Please set down, unchanged, each line from the one with "The country is" to the final line of the data below, both included. Drop the pictures.

::: SOURCE MATERIAL

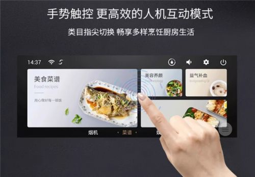 在机身顶部的6.8寸高清智能屏设计,WiFi联网实时更新大数据,为用户提供几百道精致菜谱在线学习,即学即用的烹饪指导,就算是厨房小白也能分分钟烹饪一桌菜,同时上炒煮,下蒸烤,十五分钟就能完成一桌菜。
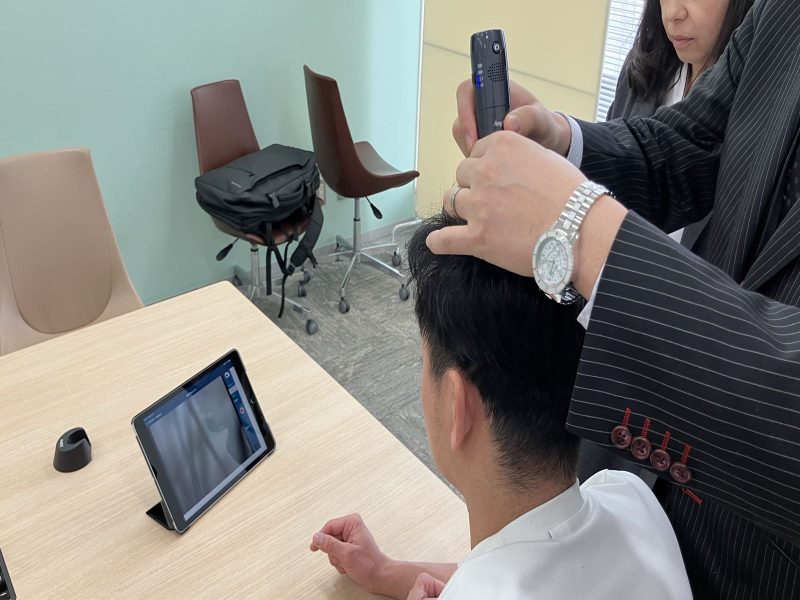 マイクロスコープで頭皮を拡大し、髪の密度や太さ、頭皮や毛穴の状態などをチェックします。
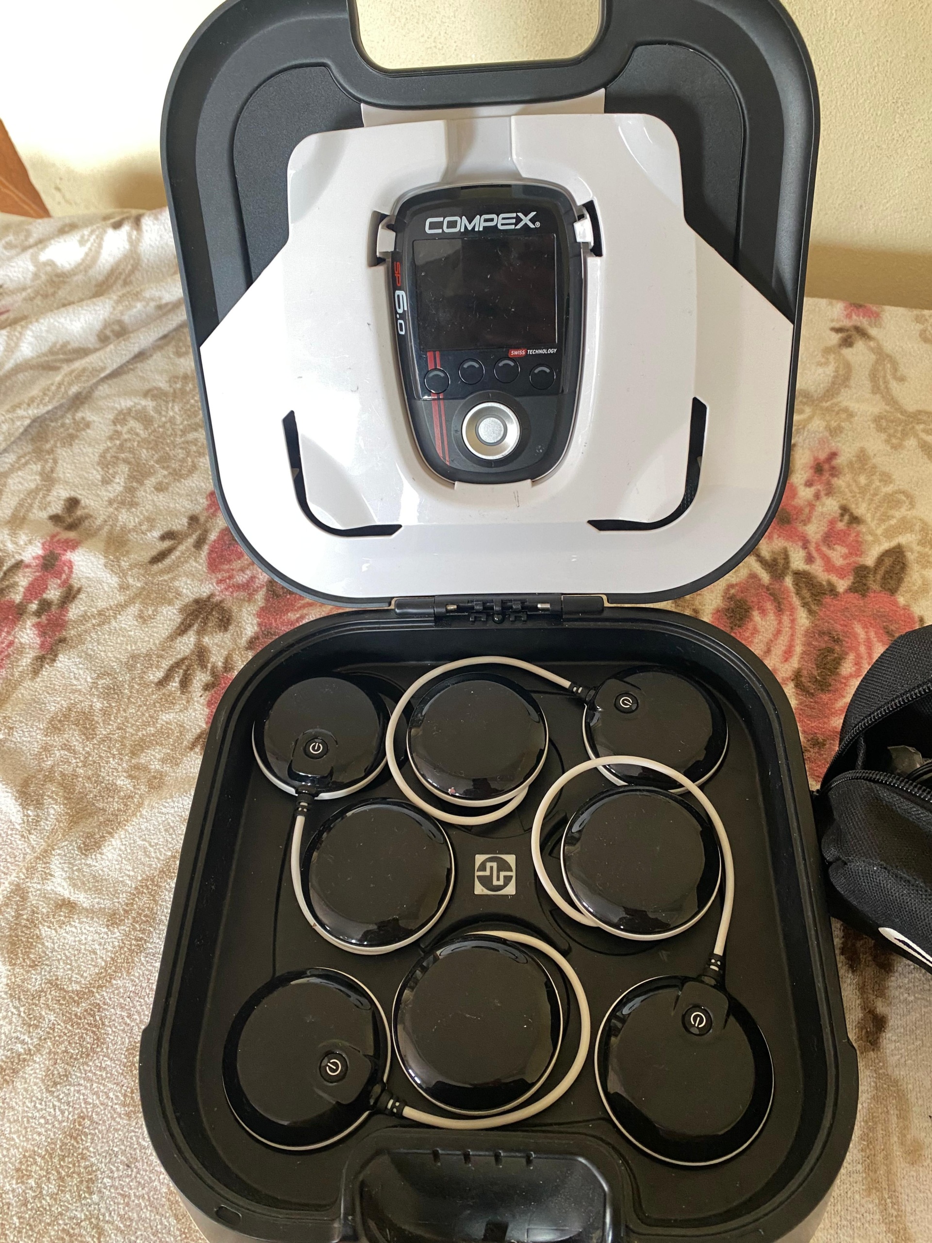 The product in the images is an electrostimulation device used for muscle stimulation and physical therapy purposes. Based on the inscriptions on the main unit of the device, its brand has been definitively identified as Compex, and its model as SP 6.0. The inscription SWISS TECHNOLOGY is located in the bottom right corner of the main unit’s screen.
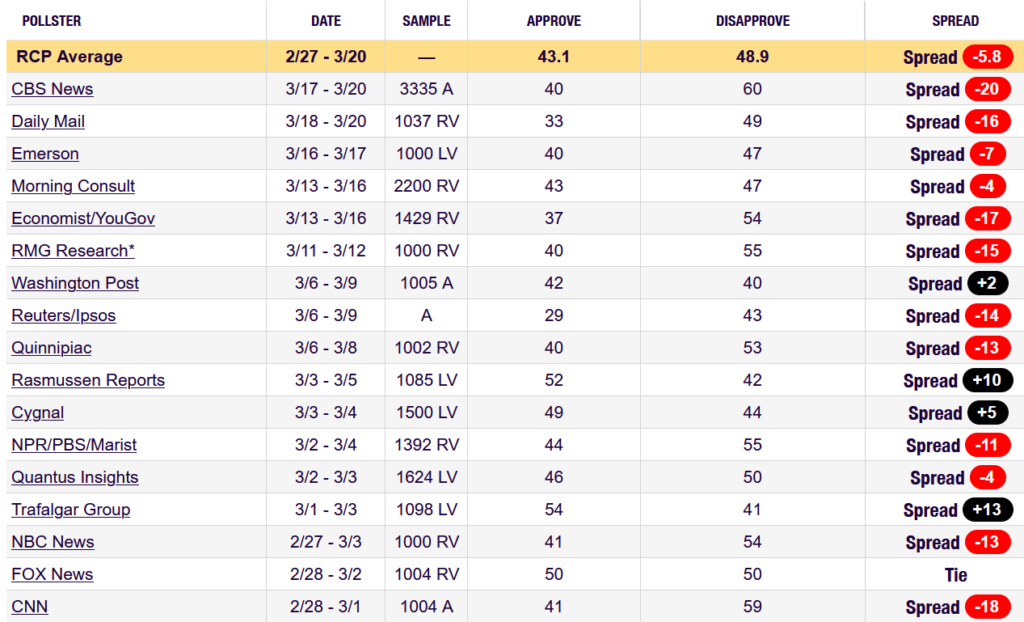 The country is bitterly divided. Real Clear Politics polling totals:
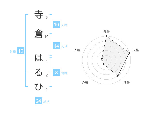 寺倉 はるひさんの天格は16画の5点!
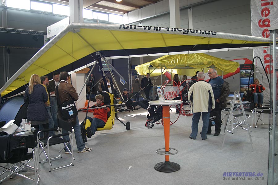 Gleitschirm-, Drachen- und Ultraleichtfliegen in seinen unterschiedlichen Formen kann man ausprobieren und lernen bei der West-Allgäuer Flugschule in Scheidegg. Zum Probesitzen hat die Schule ein Trike und ein Motorschirm-Gurtzeug aufgebaut. |

::::::

• [SOLUTION]
 The country is bitterly divided. Real Clear Politics polling totals:
 寺倉 はるひさんの天格は16画の5点!
 Gleitschirm-, Drachen- und Ultraleichtfliegen in seinen unterschiedlichen Formen kann man ausprobieren und lernen bei der West-Allgäuer Flugschule in Scheidegg. Zum Probesitzen hat die Schule ein Trike und ein Motorschirm-Gurtzeug aufgebaut. |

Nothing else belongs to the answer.